- Jules Jammal: جول يوسف جمال

= Jules Jammal =

Syrian military officer

Jules Yusuf Jammal (جول يوسف جمال) is said to have been a Syrian military officer who killed himself in a suicide attack during the Suez Crisis, in Egypt.

According to a narrative prevailing in the Arab world, Jammal rammed his boat into a French warship, thereby sinking the ship. This story is given credence in some sources. However, as related in the 1967 book Six days in June: Israel's fight for survival by Washington correspondent and historian Robert J. Donovan, the tale is false but gained traction in the Arab world after being aired on Radio Cairo. It is cited as an example of the "potency of [the station] to propagate myths [as being] beyond dispute."

==Narrative==
According to sources from Arab countries, Jammal's biography and actions are the following: He was born in al-Mishtaya, a village located between Homs and Latakia, into an Arab Orthodox Christian family. He later joined the Syrian Navy as an officer. During the 1956 Suez Crisis, he is said to have volunteered in the name of Arab nationalism to launch a suicide bomb attack against the tripartite invasion by Israel, the UK and France into the Sinai Peninsula in order to capture the Suez Canal. Jammal activated a suicide bomb when he rammed his boat into a French ship, destroying it and dying in the process.

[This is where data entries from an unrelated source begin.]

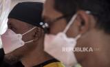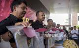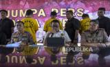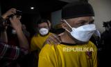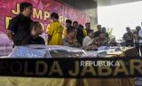 REPUBLIKA.CO.ID,BANDUNG -- Petugas kepolisian menggiring sejumlah tersangka saat ekspose pengungkapan kasus jual tanah aset desa di Mapolda Jabar, Jalan Soekarno Hatta, Kota Bandung, Kamis (5/1/2023).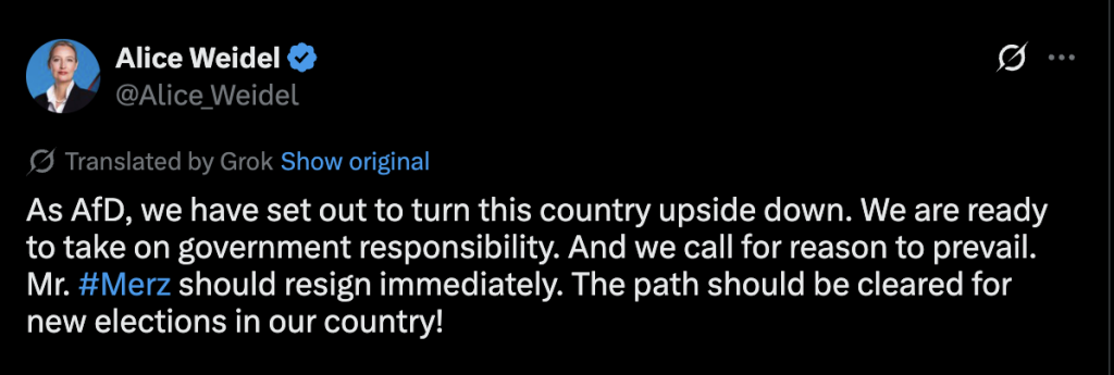 图为德国选择党(AfD)党魁魏德尔呼吁解散政府、重新进行选举的发言。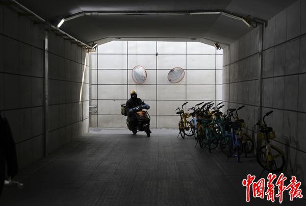 1月14日,位于北京东四环外的姚家园南路下穿京包铁路的通道里,外卖小哥小张正骑行在送单路上。这条去年年初启用的下穿通道,帮助他更快捷地穿梭于铁路东西两侧的目的地之间,通道上方,一列高铁列车正经过,往北面不远处的北京朝阳站驶去。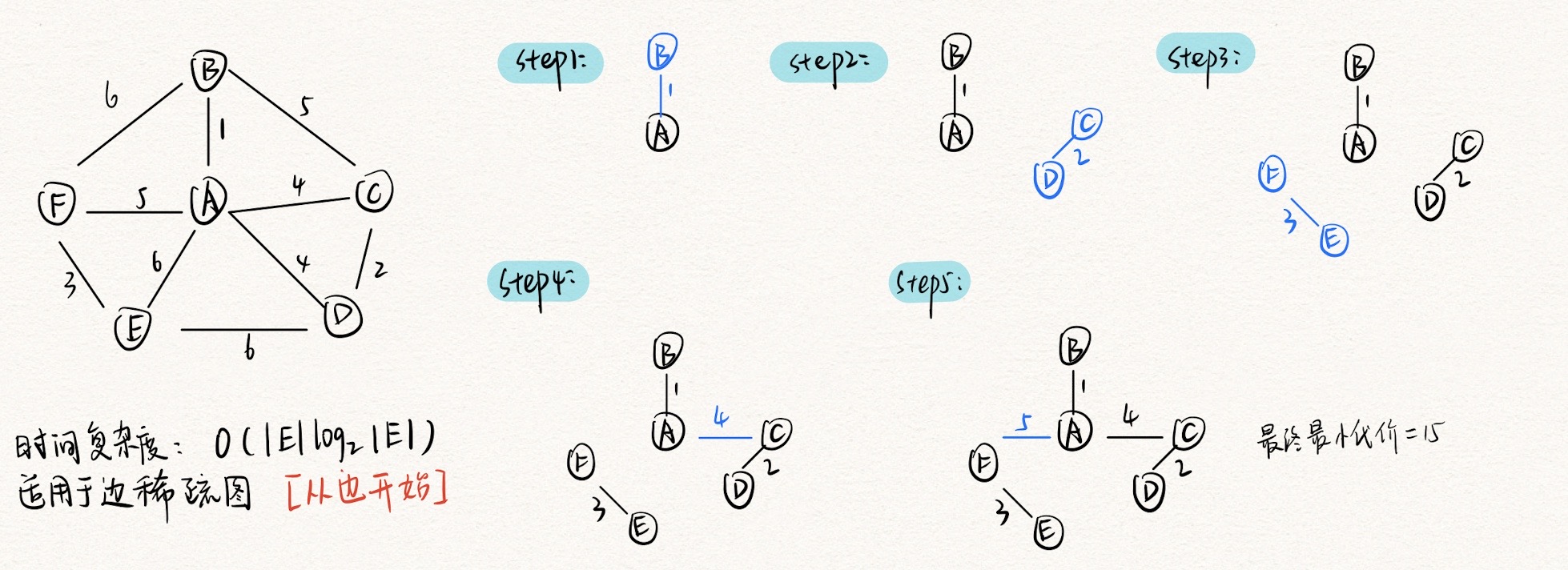 - 按权值的递增次序选择合适的边来构造最小生成树【不以自我为中心】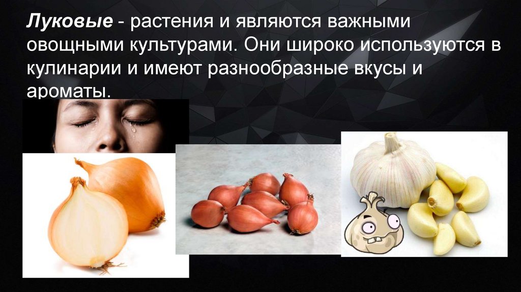 Луковые - растения и являются важнымиовощными культурами. Они широко используются в

It is unclear which ship he is supposed to have sunk. One source calls the ship at issue the "liner Jean D’Arc" and another the "French warship, Jeanne D’Arc". There was a French cruiser Jeanne d'Arc in service at that time, but it was decommissioned in 1964 rather than sunk. Some sources name the battleship Jean Bart, which did see action in the Suez Canal, but that vessel was also not sunk; it was decommissioned in 1961.

==Legacy==
A 1960 film called The Giants of the Sea (in Arabic: عمالقة البحر pronounced "Amaliqat el Bahr") was released, directed by Al Sayyed Badir and starring Ahmed Mazhar, Abdel Monhem Ibrahim and Nadia Lutfi. Jules was played by his brother, Adel Jammal.

Arab film director Gassan Abdullah announced plans to make a film about Jammal in 2008, since he was regarded as a hero for many in Syria and Egypt for his Arab nationalism.

The Grand Mufti of Syria, Ahmad Badreddin Hassoun, mentioned Jammal in a speech aimed at Western countries, warning that Syrians and Lebanese would engage in suicide bomb attacks against Europe and the United States if they bombed Syria during the 2011 Syrian uprising. He cited Jammal as an example of a non-Muslim Syrian who carried out a suicide bomb martyrdom attack on the west, and warned that non-Muslims would assist Syria in those attacks.